The Israeli-Palestinian Comedy Tour, which performed here on March 4 at the West End Cultural Centre, was a riot! (and not the usual kind of riot that can ensue when the subject of the Israeli-Palestinian conflict is explored). The Comedy Tour, consisting of two Jewish and one Arab performer, (a third Jewish ultra-orthodox member had a scheduling conflict) flawlessly delivered a series of hilarious “Punchlines for Peace” to an ethnically diverse crowd, of Jews, Arabs, and everyone else.

The Comedy Tour was founded in  2006 by Palestinian Arab comedian and columnist Ray Hanania and an Israeli Jewish comedian and online Podcaster Charley Warady.

The Comedy Tour are the only troupe in the world to have an Israeli and Palestinian on stage together, and their comedy is designed to foster a realization that Israelis and Palestinians are human beings, and to transcend politics through humour.  They  even performed at the Annapolis conference.

The Tour was brought here by the Jewish Students Association/Hillel, with the financial assistance of the Asper Endowment Fund of the Jewish Foundation, with the support of the Jewish Federation of Winnipeg.

Punchlines for PeaceOn meeting Hanina, and Warady I immediately asked how it was they came to know each other.

With a poker straight face, Hanina answered “Charlie here, he lives in my house in Jerusalem.  But he hasn’t paid off the mortgage yet.  I’m waiting for him to finish paying off the mortgage, before I come back.”

Hanina already had me laughing, before he told me the two happen to have grown up in  the same neighborhood of Chicago, and met each other over the internet.  Their goal, is  to “end the Israeli-Palestinian conflict in 6 shows”, according to Warady.

After telling me they had performed together in both Israel and the Palestinian territories, I asked if they noticed any differences between the crowds there as opposed to North America.

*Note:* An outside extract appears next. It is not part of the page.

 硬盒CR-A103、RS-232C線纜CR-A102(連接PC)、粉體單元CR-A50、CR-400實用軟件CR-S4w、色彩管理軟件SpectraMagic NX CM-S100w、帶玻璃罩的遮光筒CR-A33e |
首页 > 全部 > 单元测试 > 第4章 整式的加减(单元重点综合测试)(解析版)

They both said that Israelis and Palestinians were “more open minded and willing to laugh” than North Americans.

I asked them, if off stage they ever had serious discussions about the conflict, and Charlie answered “Yes and we agree to disagree.” But Ray added, “ we  can talk about it because we know and like  each other.”

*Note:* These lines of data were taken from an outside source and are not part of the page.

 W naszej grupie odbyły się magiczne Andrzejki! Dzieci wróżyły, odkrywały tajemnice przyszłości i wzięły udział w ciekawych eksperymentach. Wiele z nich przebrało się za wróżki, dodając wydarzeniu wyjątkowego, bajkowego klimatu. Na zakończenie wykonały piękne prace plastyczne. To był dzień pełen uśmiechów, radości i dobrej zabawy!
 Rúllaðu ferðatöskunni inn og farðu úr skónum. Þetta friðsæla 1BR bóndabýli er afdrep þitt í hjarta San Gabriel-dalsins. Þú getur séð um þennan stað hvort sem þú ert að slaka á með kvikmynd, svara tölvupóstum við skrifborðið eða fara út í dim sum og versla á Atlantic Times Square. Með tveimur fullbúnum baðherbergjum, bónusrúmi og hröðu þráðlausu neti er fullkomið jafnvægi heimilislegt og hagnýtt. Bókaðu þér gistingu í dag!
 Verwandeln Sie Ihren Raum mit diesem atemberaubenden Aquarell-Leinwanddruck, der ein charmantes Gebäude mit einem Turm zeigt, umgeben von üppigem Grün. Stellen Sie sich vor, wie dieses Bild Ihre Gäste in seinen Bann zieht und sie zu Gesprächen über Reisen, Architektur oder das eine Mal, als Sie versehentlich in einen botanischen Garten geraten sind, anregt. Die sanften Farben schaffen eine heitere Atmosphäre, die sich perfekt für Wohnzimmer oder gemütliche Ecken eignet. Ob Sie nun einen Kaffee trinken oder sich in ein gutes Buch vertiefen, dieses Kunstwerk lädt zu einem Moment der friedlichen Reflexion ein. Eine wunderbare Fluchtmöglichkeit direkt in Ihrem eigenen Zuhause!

What follows are some of the memorable lines that I managed to scribble down from their show, in between laughs.


Warady began by saying;

“Fourteen years ago, I moved to Israel because my life was going too well.”

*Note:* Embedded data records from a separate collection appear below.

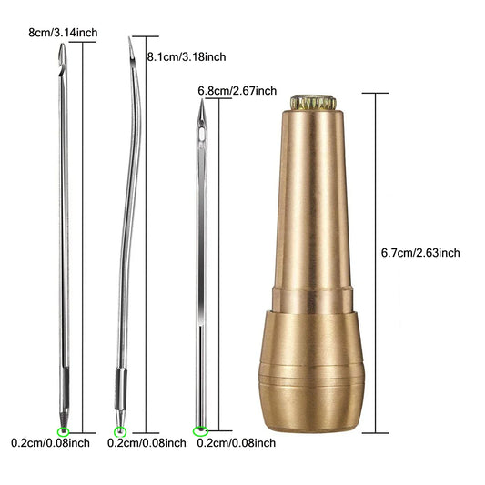 Kit de costura de cuero, kit de aguja de punzón para coser cuero con mango de cobre, herramienta para reparar zapatos de cuero con hilo negro, marrón y blanco
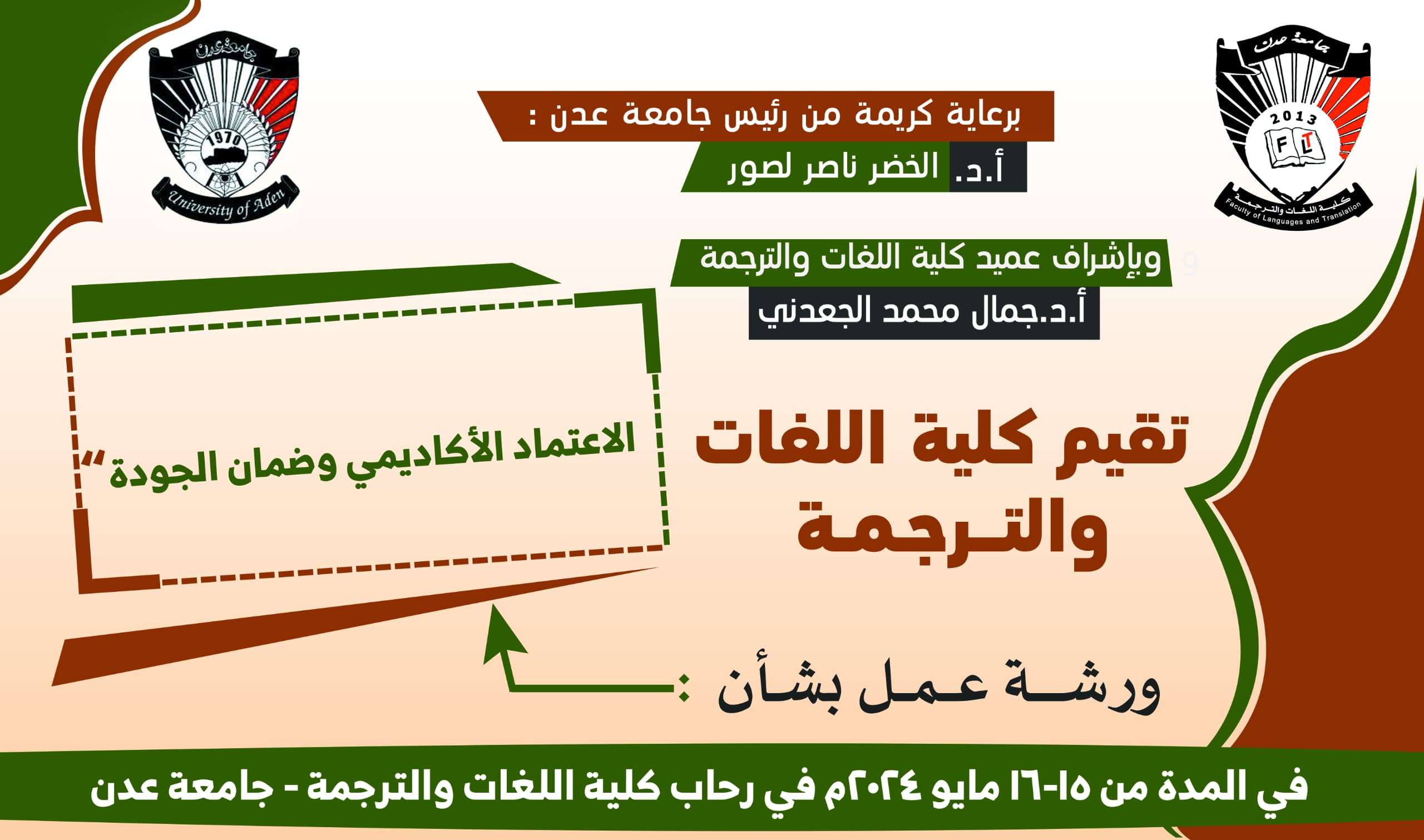 تجري كلية اللغات والترجمة بجامعة عدن ممثلةً بالأستاذ الدكتور جمال الجعدني استعدادت مكثفة لعقد ورشة علمية في الكلية حول (الاعتماد الأكاديمي وضمان الجودة) وذلك في خلال المدة ( 15-16 مايو 2024م).
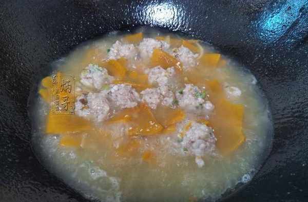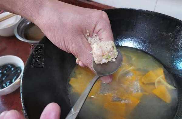 12、直至將鍋裡的水煮開後,我們就取出之前醃制的肉餡,用洗凈的手擠出丸子下鍋熬煮即可。
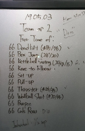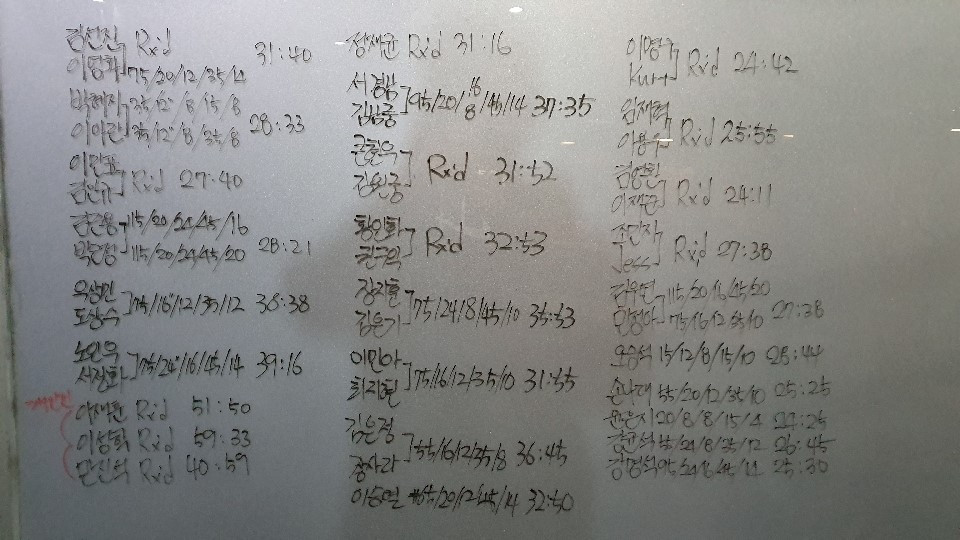 '빽판'은 크로스핏 박스 라면 운동기구와 더불어 반듯이 갖추고 있어야 하는 것이다. 이 빽판에는 WOD (Workout of the day)와 당일 운동 참여자와 참여자들의 기록이 적혀있다. 운동 시작 전 크로스피터들은 빽판에 적힌 WOD를 보며 머릿속으로 이미지 트레이닝을 하기도 하고, 어떤 식으로 WOD를 진행할지 계획을 세우기도 한다. 아 물론, 나는 타이슨 형님의 명언을 생각하며 아무 생각 없이 빽판에 적힌 WOD를 멍하니 쳐다볼 뿐이다.
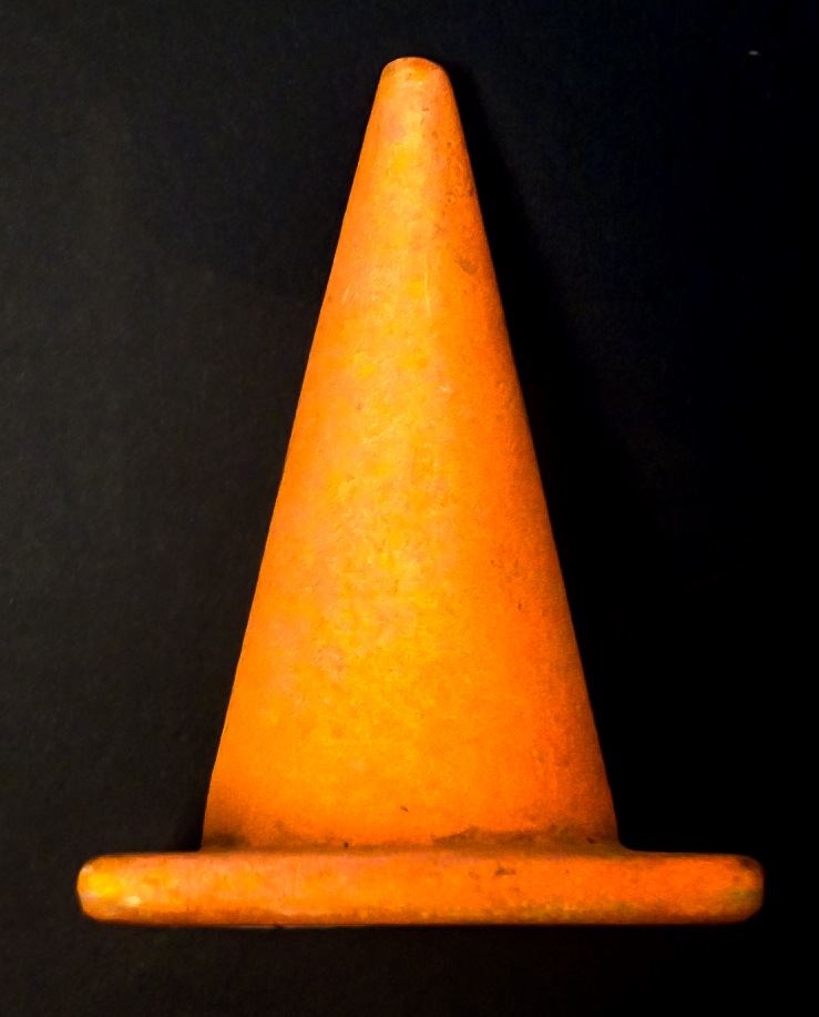 A MINIATURE SAFETY CONE PROP USED FOR THE 1997 DISASTER FILM "VOLCANO'FEATURING ACTORS TOMMY LEE JONES, ANNE HECHE,AND DON CHEADLE. INCLUDES A LETTER OF PROVENANCE.

He said, being a native of Chicago, where it is cold, he moved because of the weather.

“I had to decide on moving to Israel or California.  I decided to move to Israel, because there were fewer Israelis there than California.”

He asked if there “were any suicide bombers in the crowd tonight?” and referred to suicide bombers as men who were lured by the promise of going to heaven and being able to sleep with  72 virgins.

“If there are anysuicide bombers here tonight…take off your suicide belt and lower your standards,” Warady implored.

He also said the promise of 72 virgins was mistaken—“ –and is really just one 72 year old virgin.”

He added, “And anyway, who would want 72 virgins. You call that paradise. I find virgins a little bit clingy.” 

Warady referred to the fact that in Jerusalem, there are sometimes smaller scale earthquakes.

“There were three earthquakes, I felt the tremors…I started thinking that if we didn’t divide up Jerusalem, someone else up there would.”

Regarding checkpoints, he joked:

“The first time I drove through a checkpoint I just threw some change at them out the window and drove through... .until they shot at me. I didn’t know they’d shoot at me for not giving exact change.”

As to why Palestinians voted for Hamas not Fatah in the 2006 elections, Warady explained:

“Arabic is very hard to read...instead of Hamas and Fatah, Palestinian’s thought they were voting for Hummus or Pita. And hey, anyone can make a good Pita, but a good Hummus is hard to make.”

He referred to El Al, as “the only airline that offers standing room only…When they make peace, they’ll change the name El-Al to El-Al Aksa.”

Aaron Freeman and Ray Hanania
Aaron Freeman and  Ray Hanania
after the show. Photo by Rhonda Spivak.

Hanania, who was born to Palestinian-Christian parents from Bethlehem and Jerusalem,  owns land near Bethlehem and is  currently married (his third time ) to a Jewish journalist. In addition to being a radio talk show host, he has written for several North American and Middle Eastern publications, including The Jerusalem Post and a newspaper in Saudi Arabia.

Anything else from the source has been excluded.